Thymosin β4 (Tβ4) and its amino-terminal fragment comprising N-acetyl-seryl-aspartyl-lysyl-proline (Ac-SDKP) have been reported to act as anti-inflammatory and anti-fibrotic agents in vitro and in vivo. In recent papers, we have shown that Tβ4 exerts a widely protective role in mice treated with bleomycin, and in particular, we have demonstrated its inhibitory effects on both inflammation and early fibrosis.
Objectives: In this study, the putative anti-proliferative and anti-fibrogenic effects of Tβ4 and Ac-SDKP were evaluated in vitro.

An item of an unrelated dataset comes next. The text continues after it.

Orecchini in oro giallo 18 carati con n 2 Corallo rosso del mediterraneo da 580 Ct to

In addition, the effects of Tβ4 up to 21 days were evaluated in the bleomycin mouse model of lung fibrosis.
Methods: We utilized both control and TGF-β-stimulated primary human lung fibroblasts isolated from both idiopathic pulmonary fibrosis (IPF) and control tissues. The in vivo effects of Tβ4 were assessed in CD1 mice treated with bleomycin.

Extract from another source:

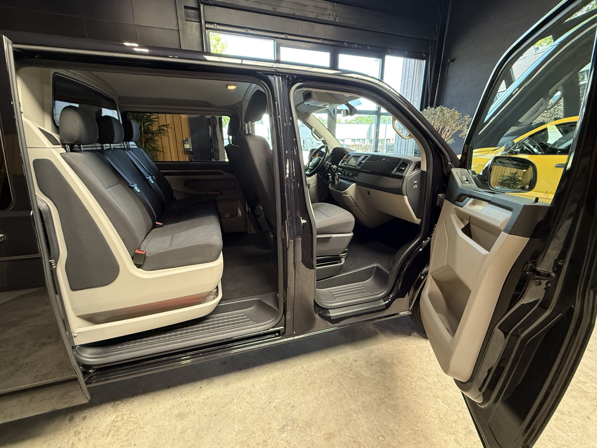 Met zijn elegante vormgeving en aangename interieur omgeving, is deze Volkswagen Transporter in elk opzicht van topklasse, typisch voor echte Duitse auto's. Een belangrijke eigenschap van iedere Volkswagen is zijn duurzaamheid. Dat ziet u ook aan deze Transporter. Hij heeft een dieselmotor en een automatische transmissie. De comfortstoelen zorgen voor precies de juiste zit, hoe lang de rit ook is. Onverhoeds de deur opengooien is een risico voor passerend verkeer. De schuifdeur aan de zijkant is dus gemakkelijker én veiliger. Bij de uitrusting van deze Volkswagen horen onder meer 18 inch lichtmetalen velgen, adaptieve mistlampen, donker getint glas achter en verwarmde ruitensproeiers.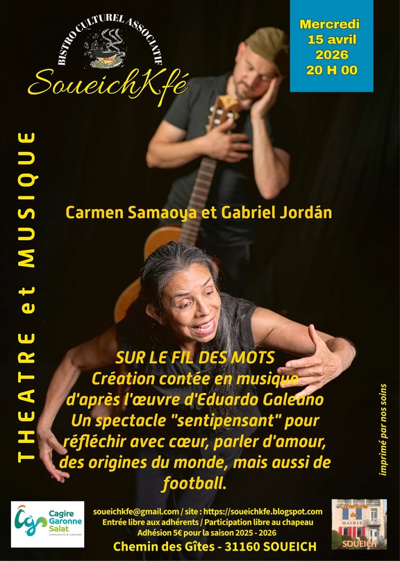 Création contée en musique d'après l'œuvre de l'écrivain et penseur urugayen Eduardo Galeano ("Les Veines ouvertes de l'Amérique Latine"). Un spectacle "sentipensant" ! Pour réfléchir avec notre coeur et sentir avec notre tête... Pour parler d'amour, des origines du monde, de justice sociale, mais aussi de football

Results: In the in vitro experiments, we observed significant anti-proliferative effects of Ac-SDKP in IPF fibroblasts. In those cells, Ac-SDKP significantly inhibited TGF-β-induced α-SMA and collagen expression, hallmarks of fibroblast differentiation into myofibroblasts triggered by TGF-β. In vivo, despite its previously described protective role in mice treated with bleomycin at 7 days, Tβ4 failed to prevent fibrosis induced by the drug at 14 and 21 days.
Conclusion: We conclude that, compared to Tβ4, Ac-SDKP may have greater potential as an anti-fibrotic agent in the lung. Further in vivo experiments are warranted.
Keywords: Ac-SDKP; CD1 mice; COL-I; TGF-β1; bleomycin; human fibroblasts; idiopathic pulmonary fibrosis; lung fibrosis; thymosin β4; α-SMA.